Autorką tekstu zatytułowanego „Żołnierze Wyklęci elementem zabawy historią”, który ukazał się na stronie Koduj24.pl, jest Tamara Olszewska. Jak pisze „GPC”, w publikacji użyto języka „niemal żywcem wyjętego z podręczników dla komunistycznych politruków”.
W tekście opublikowanym w serwisie KOD-u czytamy, że PiS wykorzystuje Lecha Kaczyńskiego, „by oprzeć się na legendzie smoleńskiej i dorzuca do tego, ot tak, w pakiecie, Żołnierzy Wyklętych”. „To ma być podstawa nowej Polski. To mają być jej bohaterowie, których czczenie da przyzwolenie na wszystko, co wykombinuje poseł K. To ma być siła, wokół której zbiorą się prawdziwi, polscy patrioci i poprowadzą nas drogą do dyktatury” – pisze Olszewska.

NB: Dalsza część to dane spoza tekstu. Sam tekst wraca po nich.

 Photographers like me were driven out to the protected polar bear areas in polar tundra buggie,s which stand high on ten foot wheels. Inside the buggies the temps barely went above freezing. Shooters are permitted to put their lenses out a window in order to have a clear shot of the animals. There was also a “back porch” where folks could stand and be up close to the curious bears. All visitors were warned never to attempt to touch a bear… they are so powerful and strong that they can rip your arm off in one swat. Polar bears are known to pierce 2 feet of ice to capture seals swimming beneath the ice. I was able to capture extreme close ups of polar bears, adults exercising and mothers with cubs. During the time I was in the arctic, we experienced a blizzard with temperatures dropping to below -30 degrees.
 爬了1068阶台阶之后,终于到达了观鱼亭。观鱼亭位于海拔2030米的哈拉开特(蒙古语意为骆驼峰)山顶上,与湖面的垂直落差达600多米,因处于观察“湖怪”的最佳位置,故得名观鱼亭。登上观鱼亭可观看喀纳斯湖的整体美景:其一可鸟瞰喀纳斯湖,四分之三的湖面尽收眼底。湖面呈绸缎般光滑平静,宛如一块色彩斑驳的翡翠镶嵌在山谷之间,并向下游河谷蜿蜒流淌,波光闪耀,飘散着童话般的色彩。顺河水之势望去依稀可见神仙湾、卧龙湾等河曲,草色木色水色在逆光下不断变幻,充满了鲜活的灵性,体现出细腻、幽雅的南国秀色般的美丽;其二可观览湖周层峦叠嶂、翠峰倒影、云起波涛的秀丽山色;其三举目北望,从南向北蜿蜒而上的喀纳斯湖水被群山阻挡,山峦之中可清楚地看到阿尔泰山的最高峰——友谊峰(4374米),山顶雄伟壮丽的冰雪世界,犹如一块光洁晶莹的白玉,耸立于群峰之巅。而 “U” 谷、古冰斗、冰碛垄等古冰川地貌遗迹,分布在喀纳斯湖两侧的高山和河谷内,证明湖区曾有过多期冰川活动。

Płużański: Postkomuniści przegrywają
– Te kłamstwa i oszczerstwa są dokładnie tym samym zjawiskiem, z którym mieliśmy do czynienia po 1945 r., kiedy to komuniści próbowali zrobić z naszych żołnierzy bandytów. Dziś postkomuniści kontynuują tę tradycję, próbują bronić swojej wersji historii, ale – jak widać po polskim społeczeństwie, po młodzieży – przegrywają tę walkę – mówi w rozmowie z „GPC” Tadeusz Płużański, publicysta, historyk i szef fundacji „Łączka”.

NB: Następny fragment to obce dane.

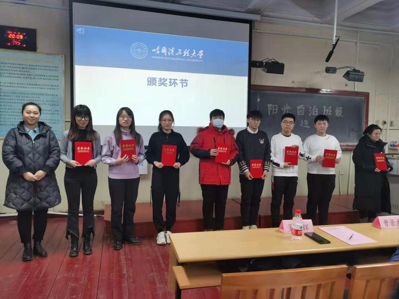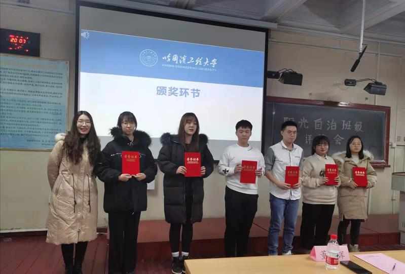 紧接着,由评委进行打分;随后,由董春辉、李瑶、贺惠分别对荣获优秀个人和优秀自管小组长的同学进行颁奖;最后,由曹景杰对获得“阳光自治班级”称号的班级颁奖并进行活动总结,强调了班风建设,同时表达了对同学们未来班级建设和个人发展的美好期待。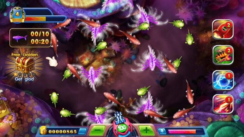 Click on screen any place to launch nets, how much score of fishing nets cost how much gold,in general shell is never lost.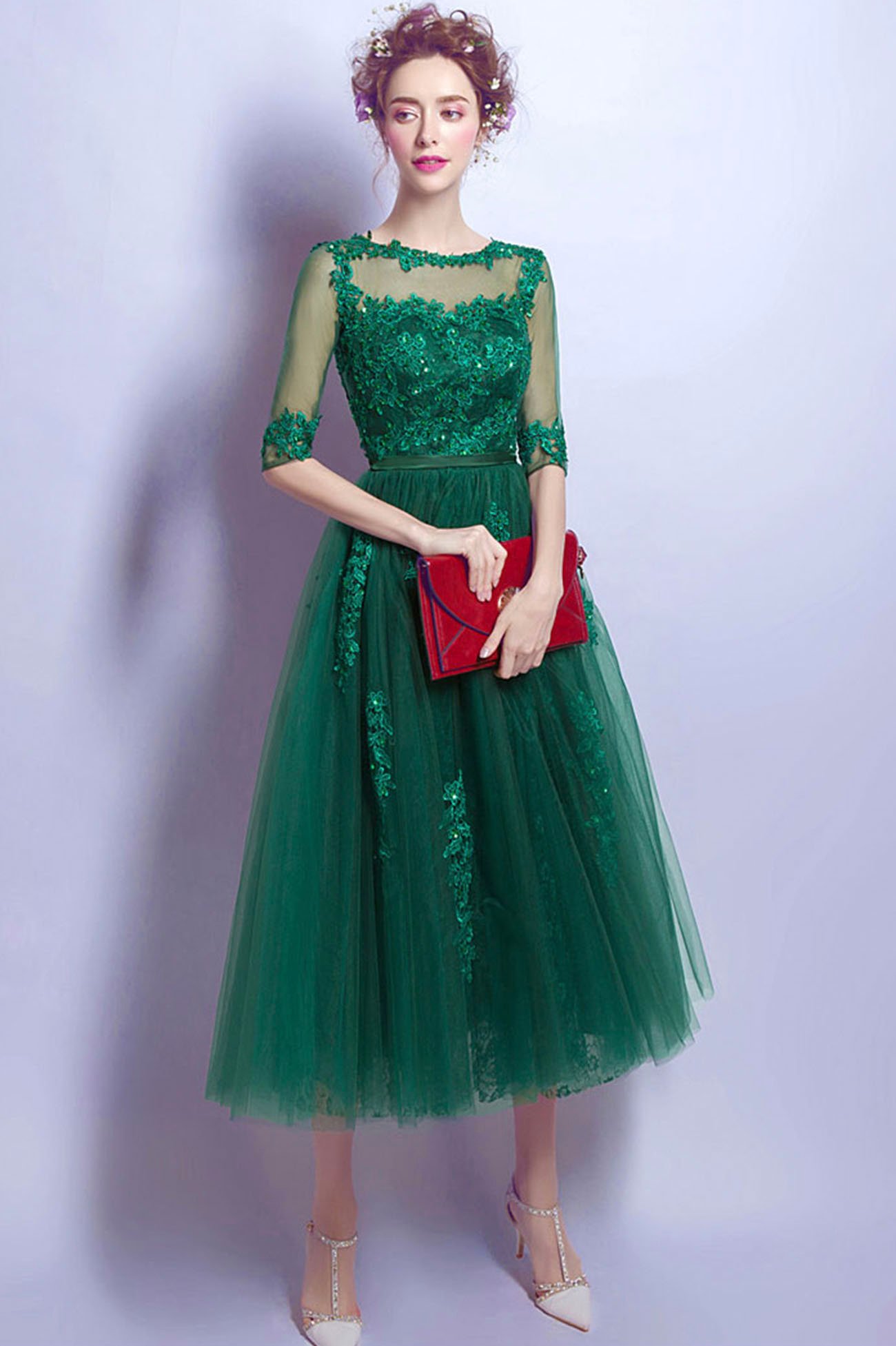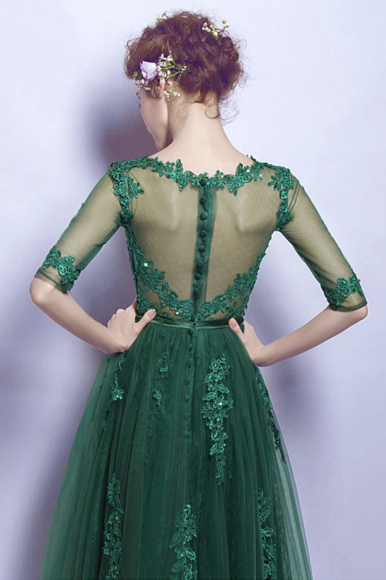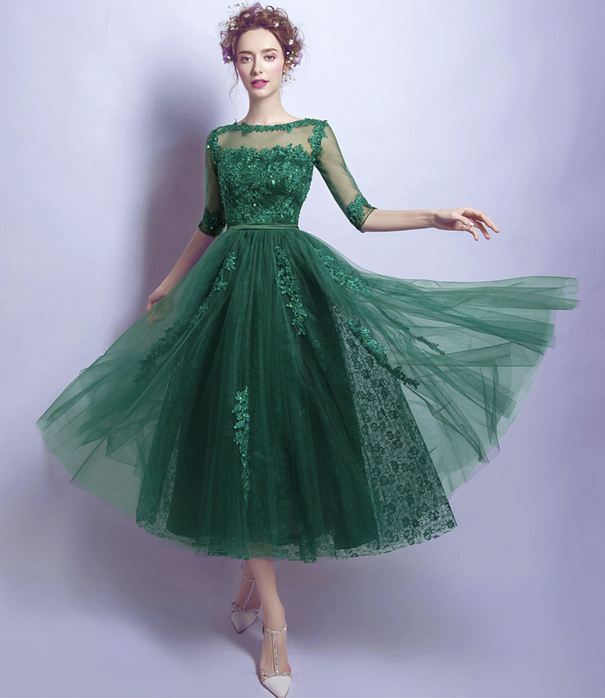 - Green tulle lace short prom dress homecoming dress -

Według gazety autorka publikacji zapomniała, że Żołnierze Wyklęci walczyli w imieniu wszystkich Polaków o suwerenny i wolny kraj. „Po 1945 r. podjęli nierówną walkę z nowym okupantem i zdrajcami w polskich mundurach, często płacąc za to najwyższą cenę, cenę życia” – czytamy w „GPC”.